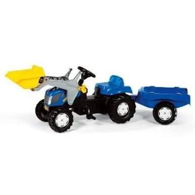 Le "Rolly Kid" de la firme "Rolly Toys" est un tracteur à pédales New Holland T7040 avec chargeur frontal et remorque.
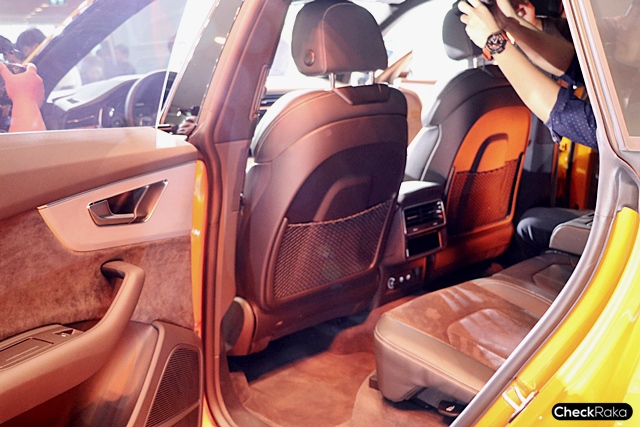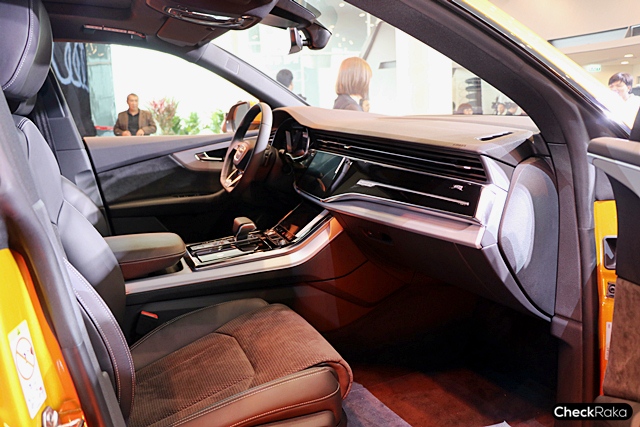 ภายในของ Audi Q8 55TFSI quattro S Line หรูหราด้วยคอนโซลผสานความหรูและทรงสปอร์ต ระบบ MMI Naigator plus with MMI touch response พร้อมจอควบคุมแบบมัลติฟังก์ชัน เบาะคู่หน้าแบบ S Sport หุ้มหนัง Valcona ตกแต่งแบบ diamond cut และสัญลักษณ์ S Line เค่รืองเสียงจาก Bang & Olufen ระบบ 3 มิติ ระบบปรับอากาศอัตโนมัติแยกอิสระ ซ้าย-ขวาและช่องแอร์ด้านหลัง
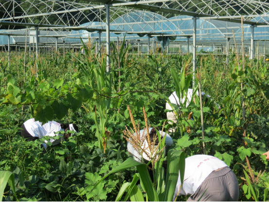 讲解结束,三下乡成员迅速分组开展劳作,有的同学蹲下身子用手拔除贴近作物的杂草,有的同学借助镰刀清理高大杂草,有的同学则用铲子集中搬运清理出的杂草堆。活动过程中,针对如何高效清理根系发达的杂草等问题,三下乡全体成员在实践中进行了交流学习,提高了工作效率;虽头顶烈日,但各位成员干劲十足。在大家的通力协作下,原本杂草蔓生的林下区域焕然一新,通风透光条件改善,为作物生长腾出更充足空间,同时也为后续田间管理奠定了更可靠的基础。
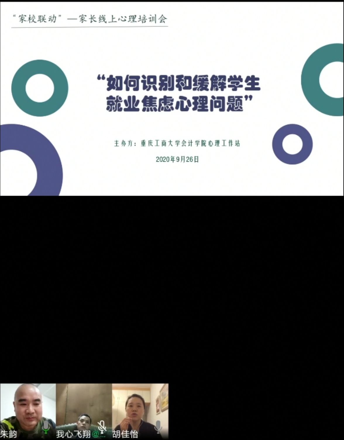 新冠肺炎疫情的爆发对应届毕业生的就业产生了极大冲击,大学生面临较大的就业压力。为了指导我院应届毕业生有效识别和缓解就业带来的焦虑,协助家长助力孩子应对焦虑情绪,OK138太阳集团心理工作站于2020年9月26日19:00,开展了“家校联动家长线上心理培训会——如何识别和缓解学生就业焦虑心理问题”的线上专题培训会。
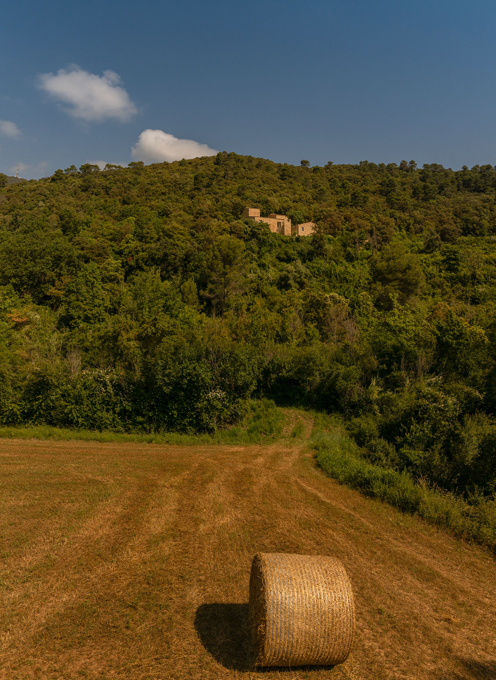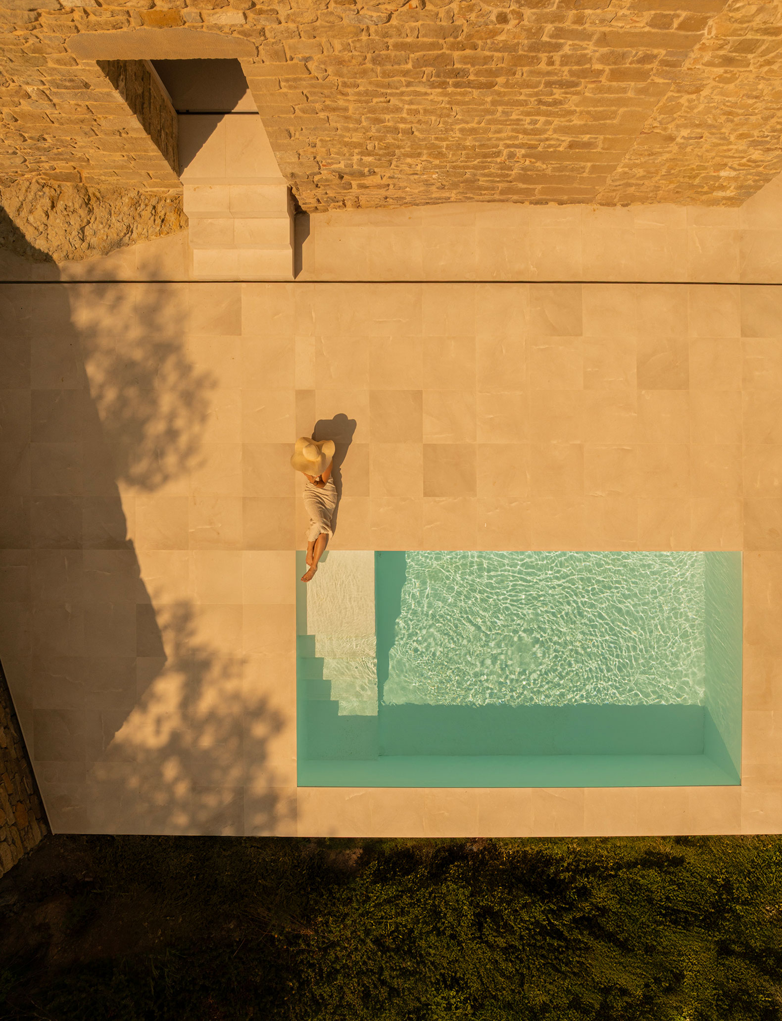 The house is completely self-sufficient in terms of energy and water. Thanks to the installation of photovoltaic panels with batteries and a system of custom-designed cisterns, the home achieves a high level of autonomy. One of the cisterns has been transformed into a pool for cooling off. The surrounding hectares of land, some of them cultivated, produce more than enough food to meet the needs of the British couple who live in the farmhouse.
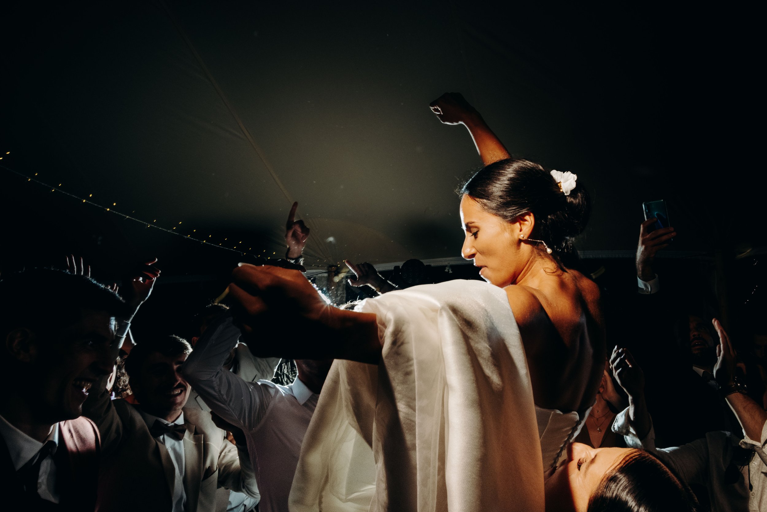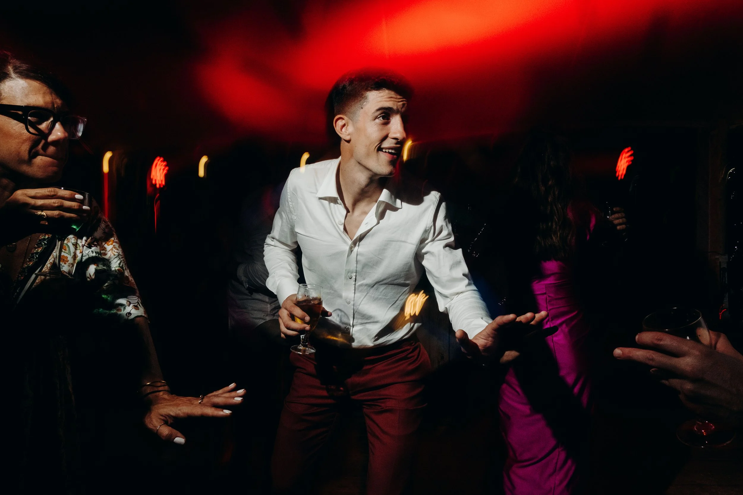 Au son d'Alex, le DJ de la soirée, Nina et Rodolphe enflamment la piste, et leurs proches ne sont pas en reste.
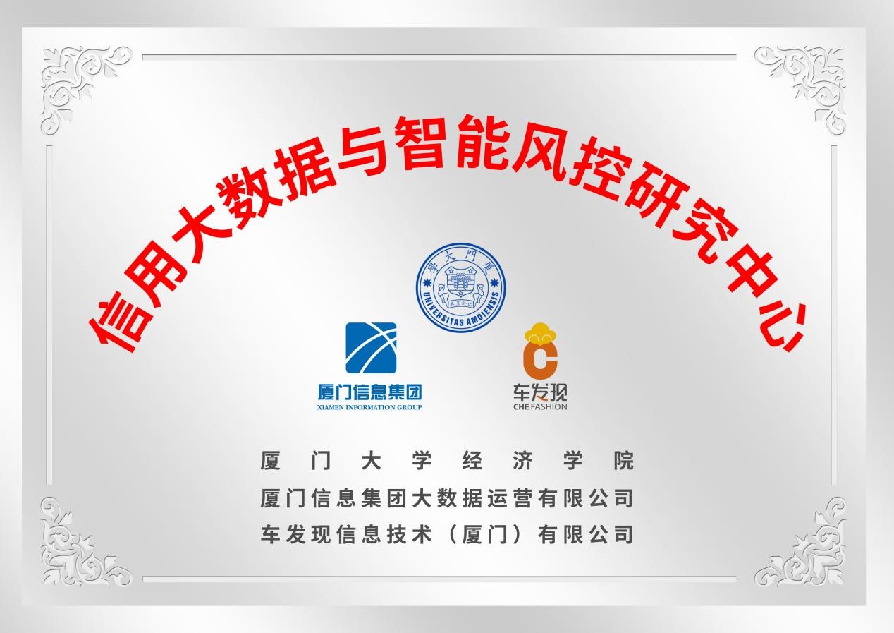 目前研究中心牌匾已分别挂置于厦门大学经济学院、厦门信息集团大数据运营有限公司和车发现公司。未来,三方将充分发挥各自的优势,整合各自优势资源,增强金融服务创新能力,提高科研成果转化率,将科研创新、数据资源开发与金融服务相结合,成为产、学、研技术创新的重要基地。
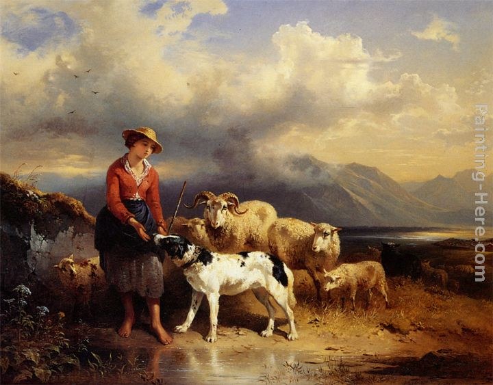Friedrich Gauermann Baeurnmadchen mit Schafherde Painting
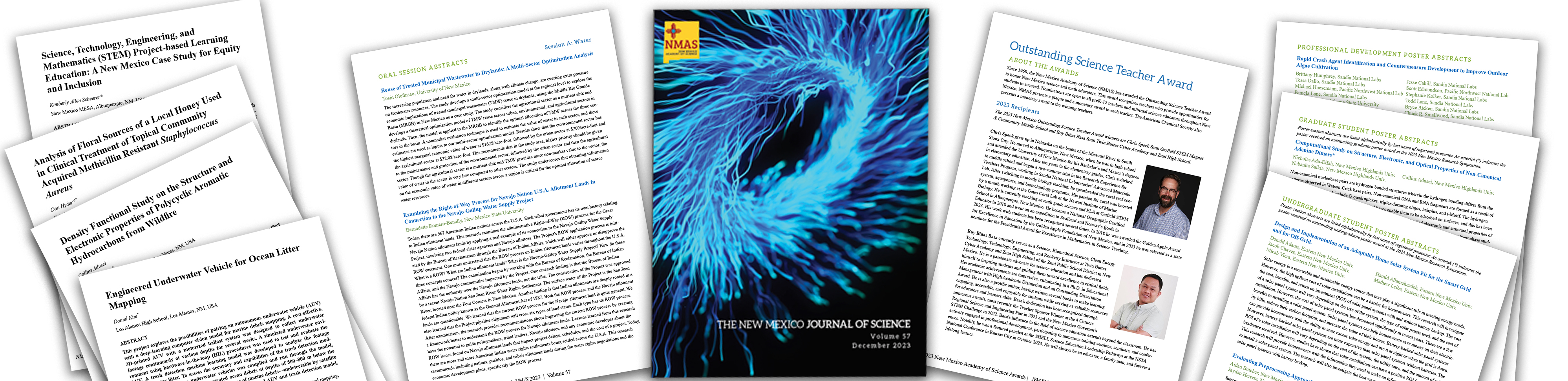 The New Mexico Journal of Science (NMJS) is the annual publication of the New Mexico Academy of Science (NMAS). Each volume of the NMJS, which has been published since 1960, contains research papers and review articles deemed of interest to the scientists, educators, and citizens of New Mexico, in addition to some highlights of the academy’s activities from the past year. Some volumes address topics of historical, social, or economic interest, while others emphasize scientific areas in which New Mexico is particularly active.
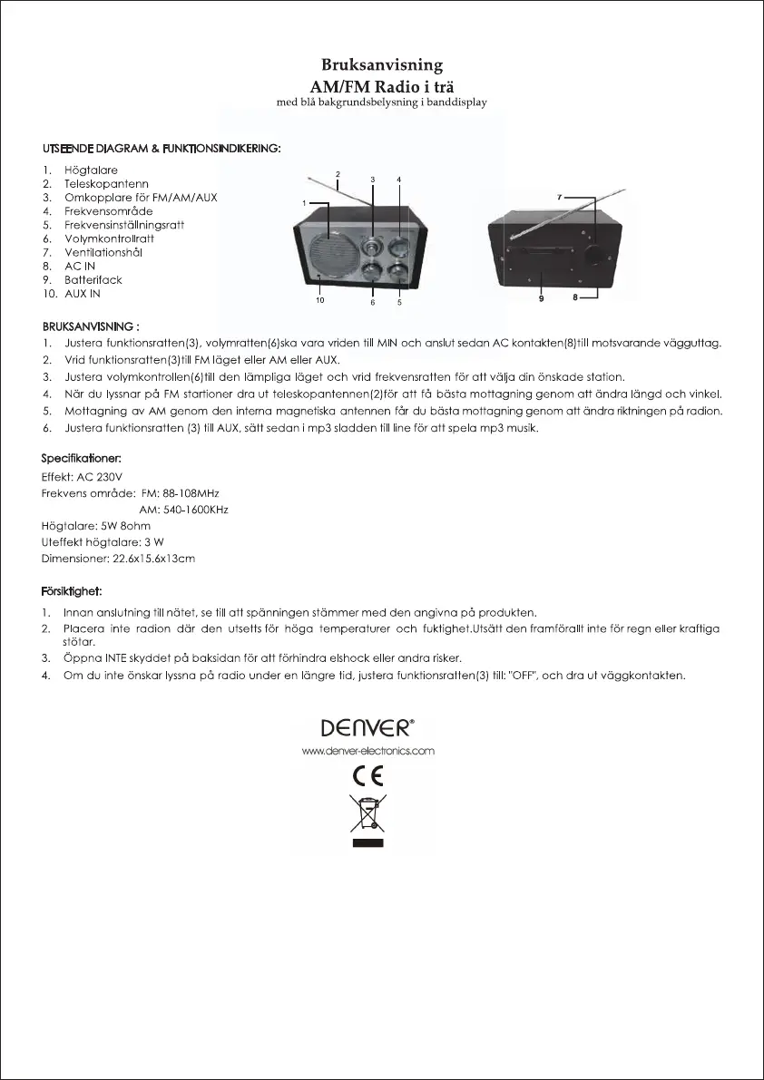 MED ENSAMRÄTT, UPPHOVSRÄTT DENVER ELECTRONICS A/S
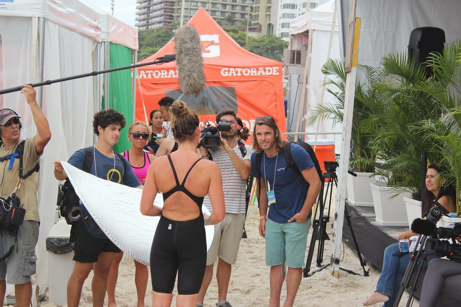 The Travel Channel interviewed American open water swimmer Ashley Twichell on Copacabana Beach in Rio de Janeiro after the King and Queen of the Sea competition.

-*-*-

* _WHAT THE TASK REQUIRES_:
Copy exactly what appears in the entries, beginning with the first line and ending with the line that has "讲解结束,三下乡成员迅速分组", but not the pictures.

* _EXERCISE RESULT_:
 Le "Rolly Kid" de la firme "Rolly Toys" est un tracteur à pédales New Holland T7040 avec chargeur frontal et remorque.
 ภายในของ Audi Q8 55TFSI quattro S Line หรูหราด้วยคอนโซลผสานความหรูและทรงสปอร์ต ระบบ MMI Naigator plus with MMI touch response พร้อมจอควบคุมแบบมัลติฟังก์ชัน เบาะคู่หน้าแบบ S Sport หุ้มหนัง Valcona ตกแต่งแบบ diamond cut และสัญลักษณ์ S Line เค่รืองเสียงจาก Bang & Olufen ระบบ 3 มิติ ระบบปรับอากาศอัตโนมัติแยกอิสระ ซ้าย-ขวาและช่องแอร์ด้านหลัง
 讲解结束,三下乡成员迅速分组开展劳作,有的同学蹲下身子用手拔除贴近作物的杂草,有的同学借助镰刀清理高大杂草,有的同学则用铲子集中搬运清理出的杂草堆。活动过程中,针对如何高效清理根系发达的杂草等问题,三下乡全体成员在实践中进行了交流学习,提高了工作效率;虽头顶烈日,但各位成员干劲十足。在大家的通力协作下,原本杂草蔓生的林下区域焕然一新,通风透光条件改善,为作物生长腾出更充足空间,同时也为后续田间管理奠定了更可靠的基础。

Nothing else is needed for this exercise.